YOUR TASK: The copy you return should hold only the lines from the top of the data below through the line with "Минимальное количество для", each duplicated exactly and with no pictures.

[[ MATERIAL PROVIDED open ]]

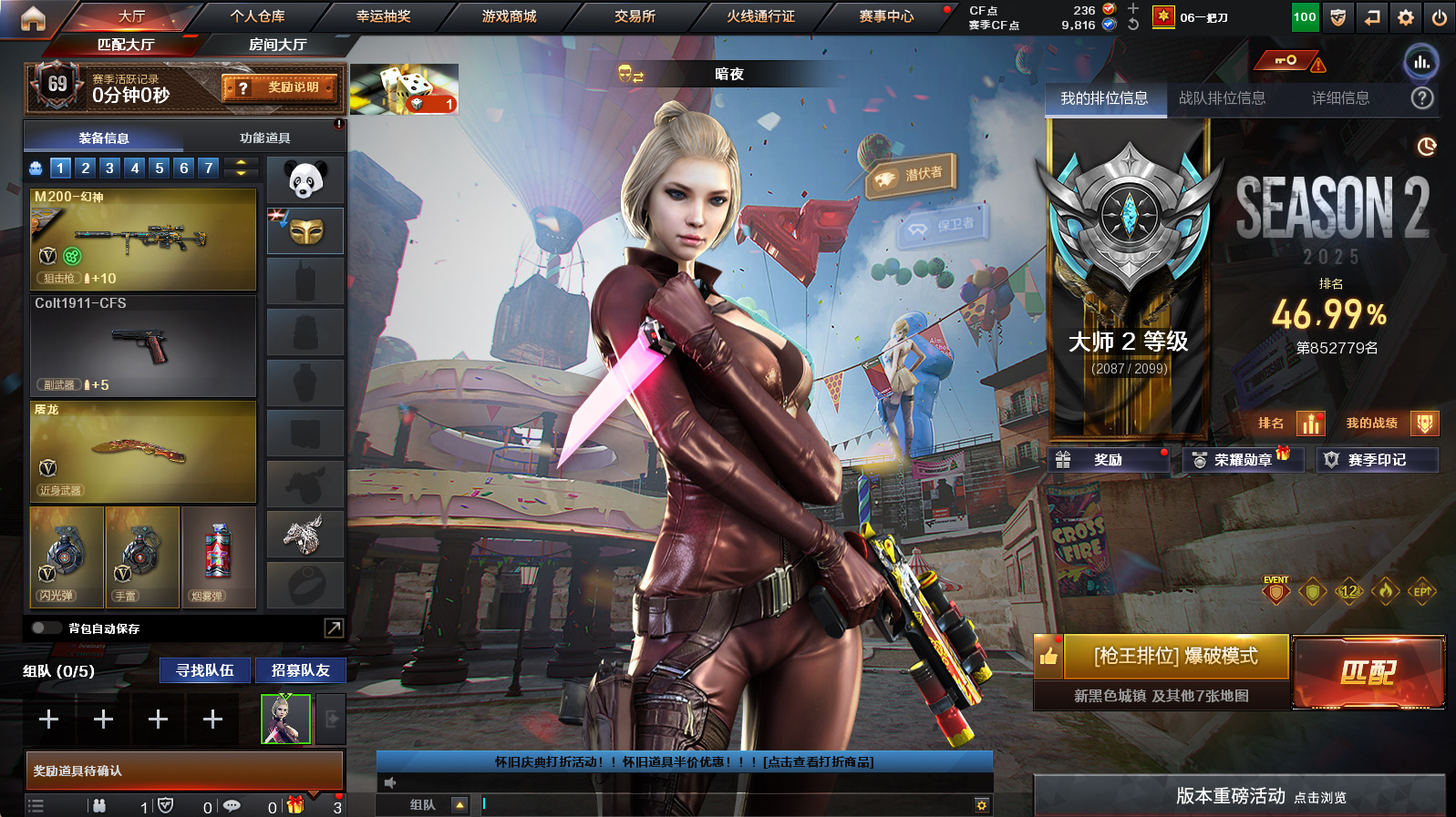 • 游戏区服:穿越火线 / 电信区 / 湖南一区
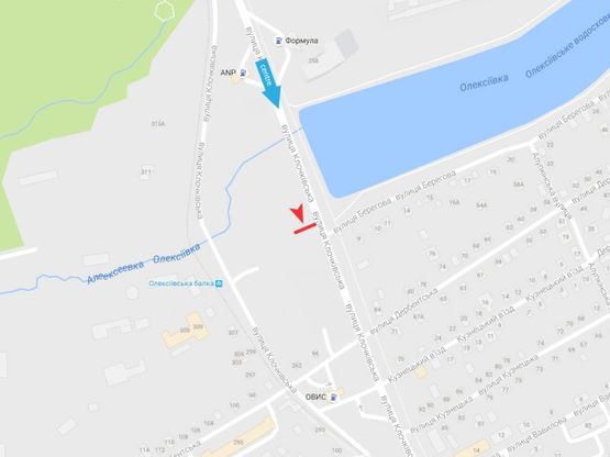 Схема рекламної площини за адресою Клочковская ул. - Береговая ул. (1), в центр
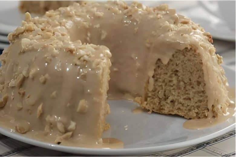 - Cubra o bolo, salpique amendoim picado e já pode servir.
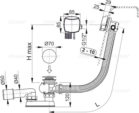 Минимальное количество для товара "Сифон для ванны с напуском воды через перелив, пластик хромированный, арт. A564CRM1" 1.
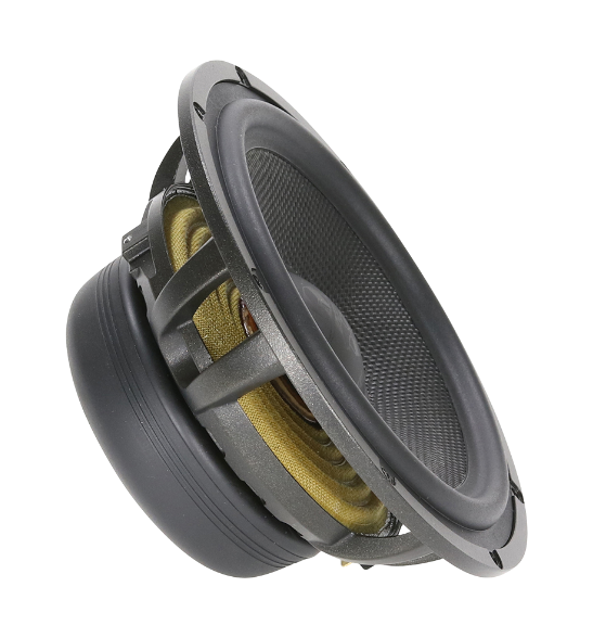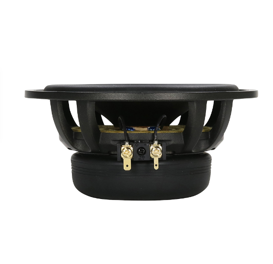| Тип на високоговорителитеКоаксиални високоговорители: Коаксиалните високоговорители се характеризират с конструкция, наречена всичко в едно. Високочестотният и среднобасовият говорител са в един и същ кош. Предимството е по-лесен монтаж, но поради свързването или близостта на честотните диапазони в един говорител обикновено се понижава качеството на звука. Обикновено в центъра на среднобасовия говорител се намира високочестотният говорител, чиито звукова бобина работи във втората въздушна междина на общия магнитен кръг. Коаксиален говорител с три честотни диапазона се състои от среднобасов говорител, отпред на специален носач е поставен средночестотният говорител и отделен високочестотен. Компонентни високоговорители: Компонентните високоговорители се отличават с разделянето на отделни честотни диапазони: високочестотен + среднобасов + евентуално басов диапазон. Отделните говорители могат да бъдат разположени напълно отделно, което води до по-добро звуково и акустично представяне. В огромното мнозинство от случаите при компонентните високоговорители се доставя и външна кросоувърна мрежа, която разделя високите, средните/среднобасовите и при системи с три честотни диапазона и басовите честоти, както и позволява настройване на нивото в децибели на високочестотния говорител (напр. +2 dB, 0 dB, -2 dB), стръмността (напр. 6 dB/октава, 12 dB/октава) или активно/bi-amp свързване. | Среднобасови |

[[ MATERIAL PROVIDED closed ]]

TASK ANSWER:
 • 游戏区服:穿越火线 / 电信区 / 湖南一区
 Схема рекламної площини за адресою Клочковская ул. - Береговая ул. (1), в центр
 - Cubra o bolo, salpique amendoim picado e já pode servir.
 Минимальное количество для товара "Сифон для ванны с напуском воды через перелив, пластик хромированный, арт. A564CRM1" 1.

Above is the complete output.